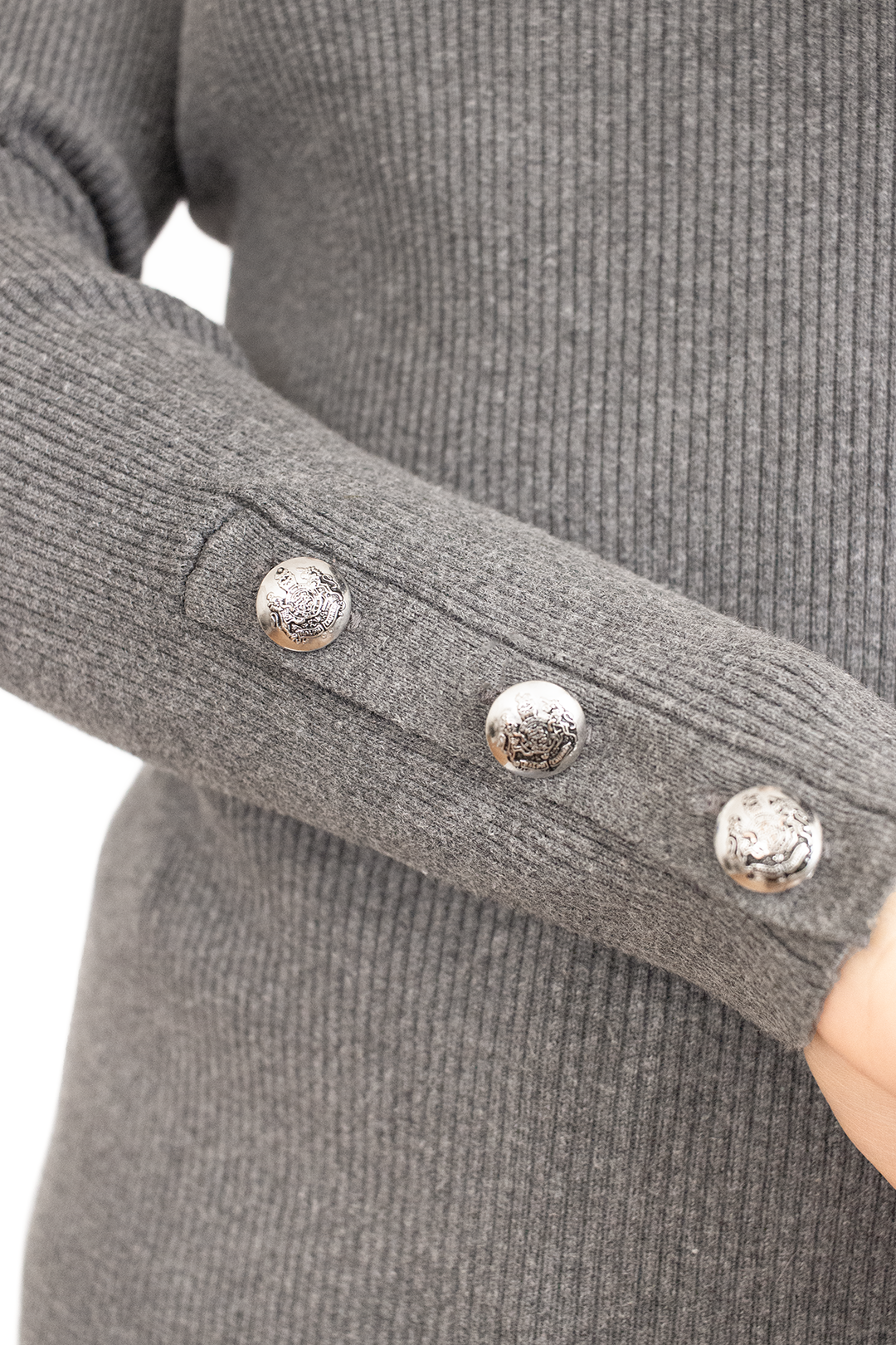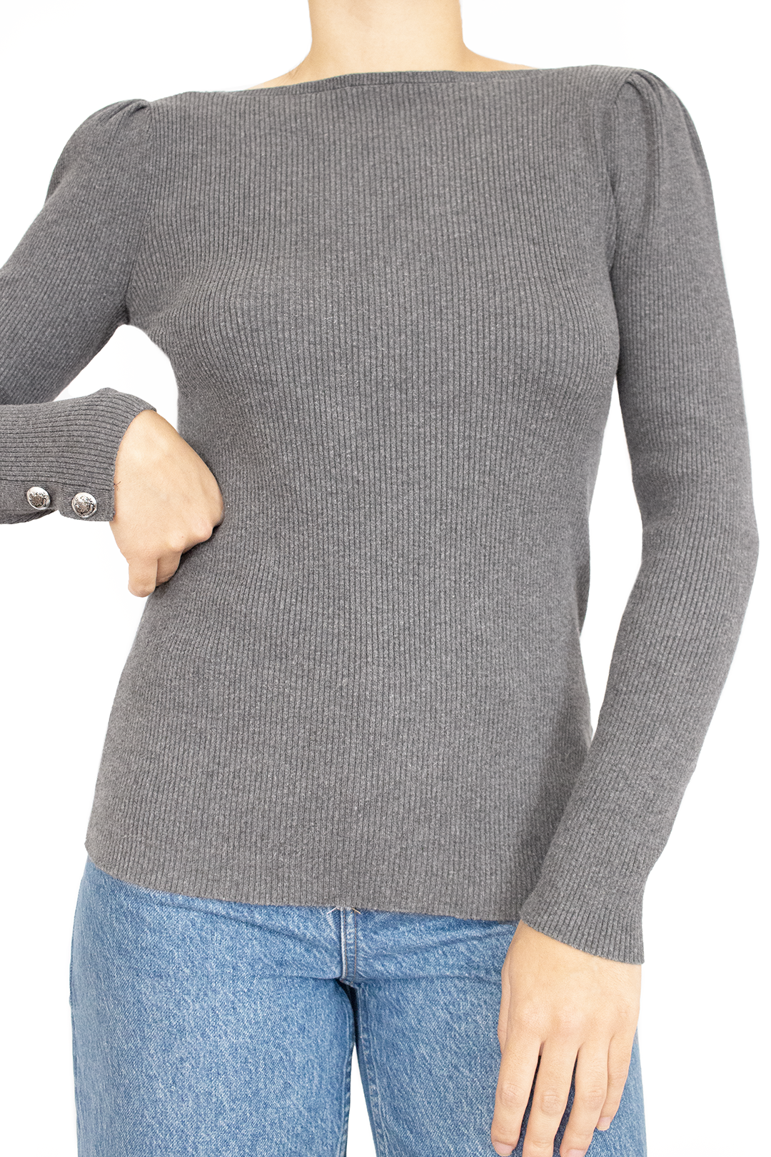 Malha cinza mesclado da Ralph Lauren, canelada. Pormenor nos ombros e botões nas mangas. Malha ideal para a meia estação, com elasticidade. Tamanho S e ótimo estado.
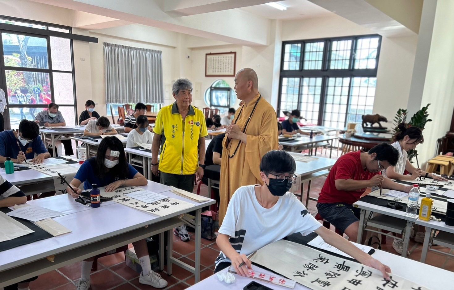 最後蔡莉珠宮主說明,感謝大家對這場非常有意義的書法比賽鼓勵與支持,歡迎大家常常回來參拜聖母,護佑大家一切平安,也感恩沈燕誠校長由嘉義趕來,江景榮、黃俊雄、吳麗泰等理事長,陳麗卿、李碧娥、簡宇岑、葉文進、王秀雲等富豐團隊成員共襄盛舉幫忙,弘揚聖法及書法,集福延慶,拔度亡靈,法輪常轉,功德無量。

--

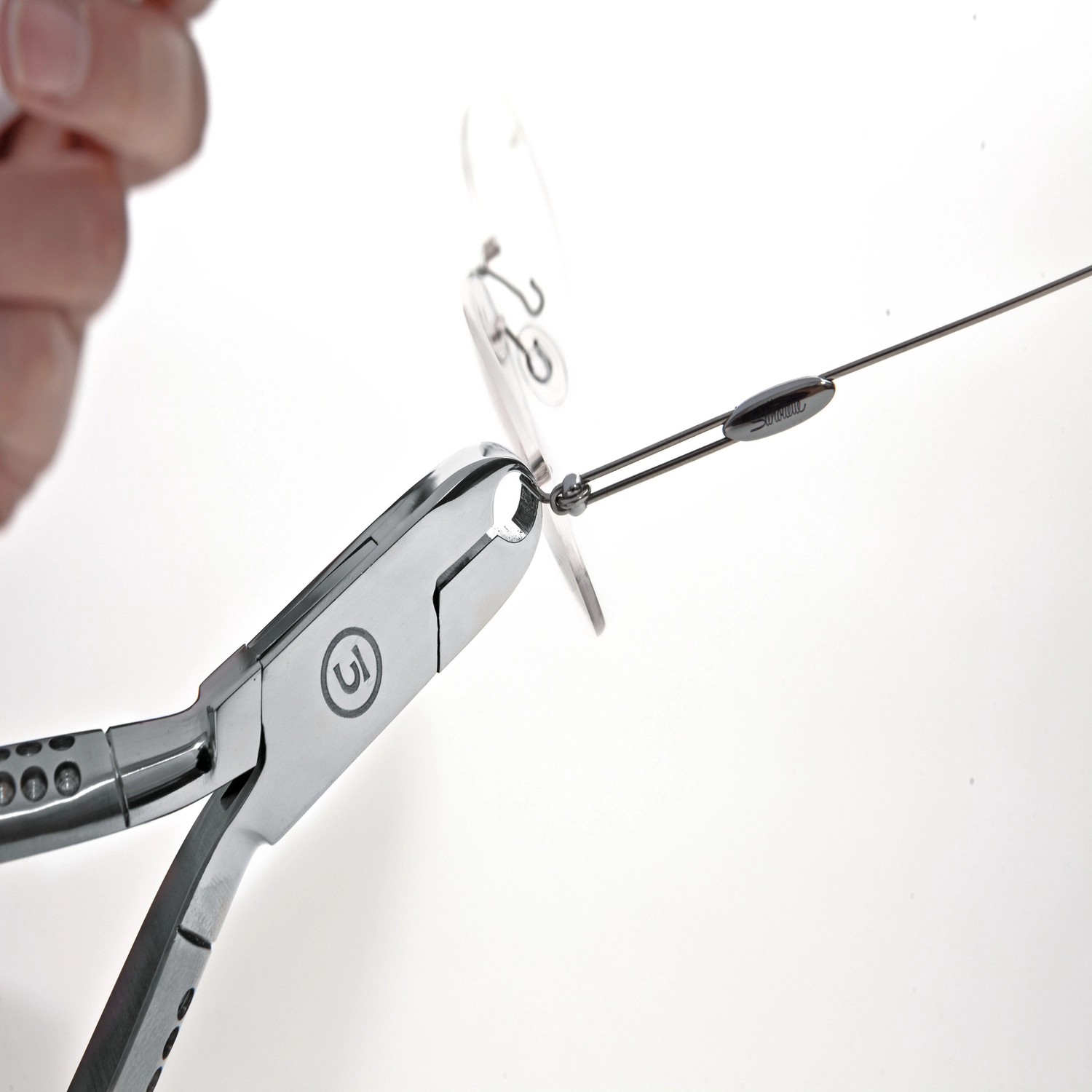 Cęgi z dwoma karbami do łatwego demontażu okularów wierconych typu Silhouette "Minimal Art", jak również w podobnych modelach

==

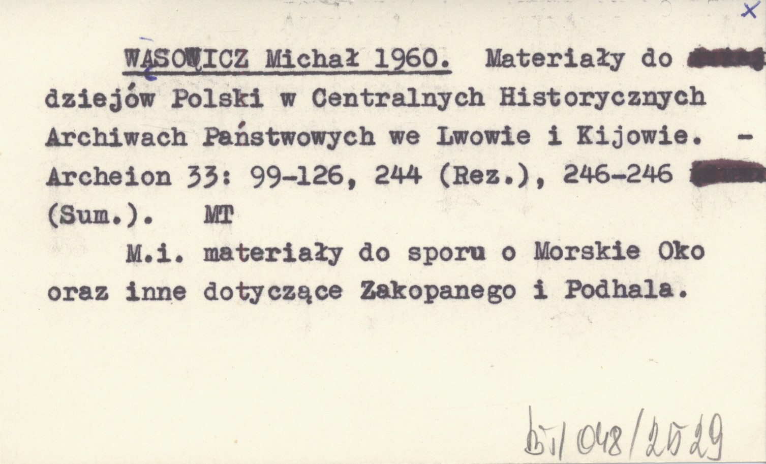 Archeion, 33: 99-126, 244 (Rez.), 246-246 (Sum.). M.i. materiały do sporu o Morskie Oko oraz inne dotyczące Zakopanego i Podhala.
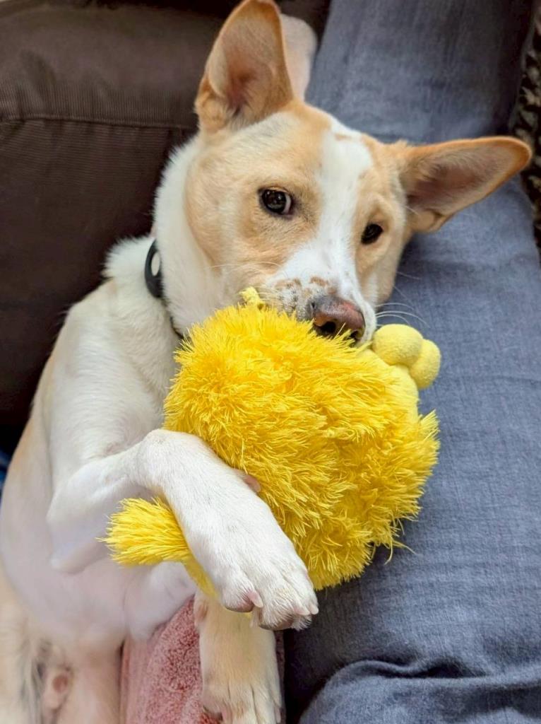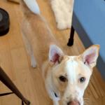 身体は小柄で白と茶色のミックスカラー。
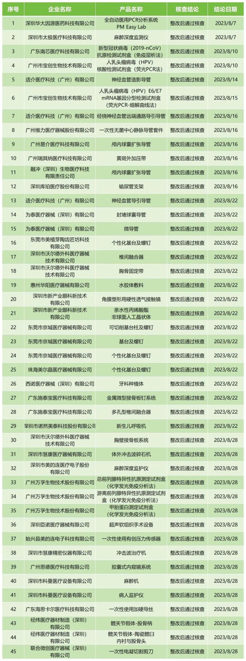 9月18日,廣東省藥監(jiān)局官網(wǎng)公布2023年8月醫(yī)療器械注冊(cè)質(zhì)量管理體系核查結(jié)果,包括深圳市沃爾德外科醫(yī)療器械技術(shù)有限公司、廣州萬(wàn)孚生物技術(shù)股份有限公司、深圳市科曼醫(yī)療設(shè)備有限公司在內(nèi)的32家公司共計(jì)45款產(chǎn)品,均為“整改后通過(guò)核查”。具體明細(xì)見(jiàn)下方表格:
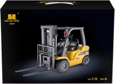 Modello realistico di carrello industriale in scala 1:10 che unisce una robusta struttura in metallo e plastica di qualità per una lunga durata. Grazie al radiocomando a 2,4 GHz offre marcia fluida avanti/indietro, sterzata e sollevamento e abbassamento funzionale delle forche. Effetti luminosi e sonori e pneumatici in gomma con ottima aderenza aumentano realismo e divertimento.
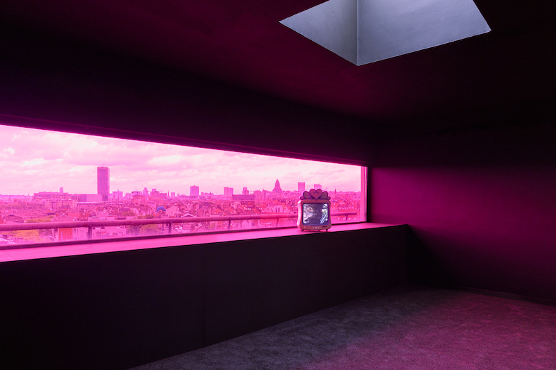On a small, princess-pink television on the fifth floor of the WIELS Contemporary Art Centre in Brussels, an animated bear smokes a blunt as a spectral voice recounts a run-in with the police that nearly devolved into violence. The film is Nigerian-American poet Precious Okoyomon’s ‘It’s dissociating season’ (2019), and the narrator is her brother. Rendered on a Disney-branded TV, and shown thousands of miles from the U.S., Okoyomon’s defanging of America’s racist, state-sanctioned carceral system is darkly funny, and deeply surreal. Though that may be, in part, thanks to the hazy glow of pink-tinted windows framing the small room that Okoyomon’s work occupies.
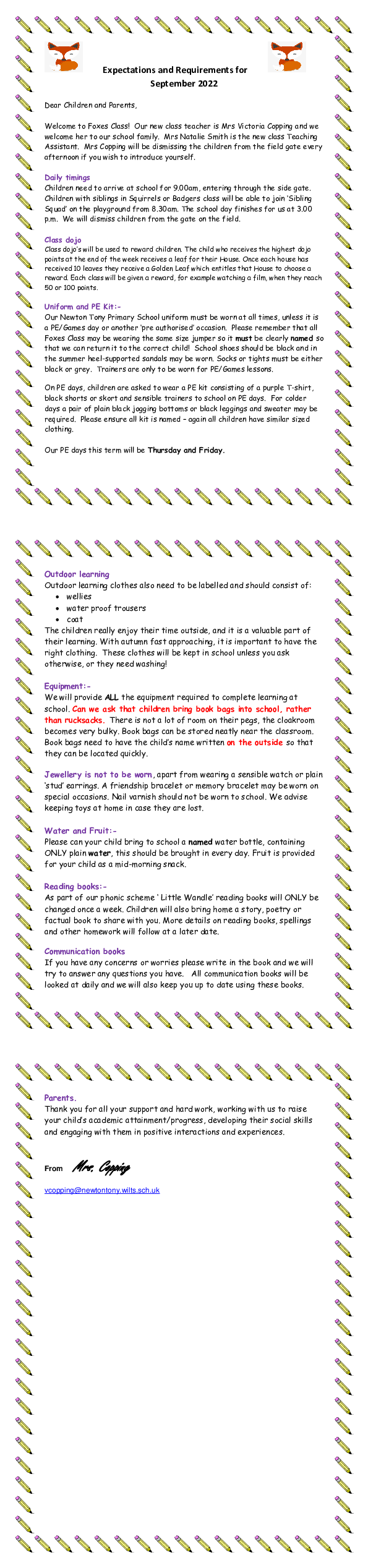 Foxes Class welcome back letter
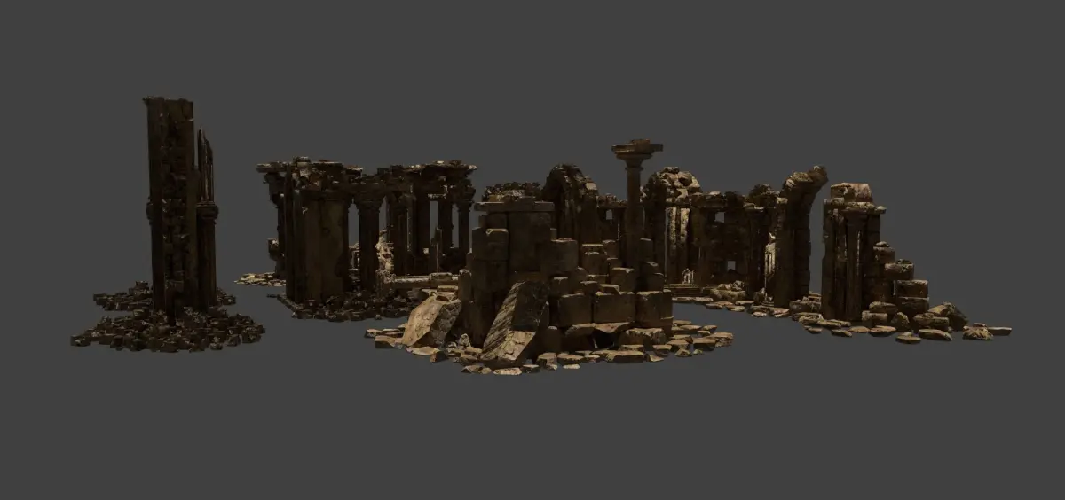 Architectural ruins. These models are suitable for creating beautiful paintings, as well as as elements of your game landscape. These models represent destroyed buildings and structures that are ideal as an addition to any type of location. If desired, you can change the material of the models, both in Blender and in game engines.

Aim of the exercise - Starting with the line above that holds "On a small, princess-pink", restate each line word for word up to and including the line that holds "Foxes Class welcome back letter". Drop the pictures.

Result -
On a small, princess-pink television on the fifth floor of the WIELS Contemporary Art Centre in Brussels, an animated bear smokes a blunt as a spectral voice recounts a run-in with the police that nearly devolved into violence. The film is Nigerian-American poet Precious Okoyomon’s ‘It’s dissociating season’ (2019), and the narrator is her brother. Rendered on a Disney-branded TV, and shown thousands of miles from the U.S., Okoyomon’s defanging of America’s racist, state-sanctioned carceral system is darkly funny, and deeply surreal. Though that may be, in part, thanks to the hazy glow of pink-tinted windows framing the small room that Okoyomon’s work occupies.
 Foxes Class welcome back letter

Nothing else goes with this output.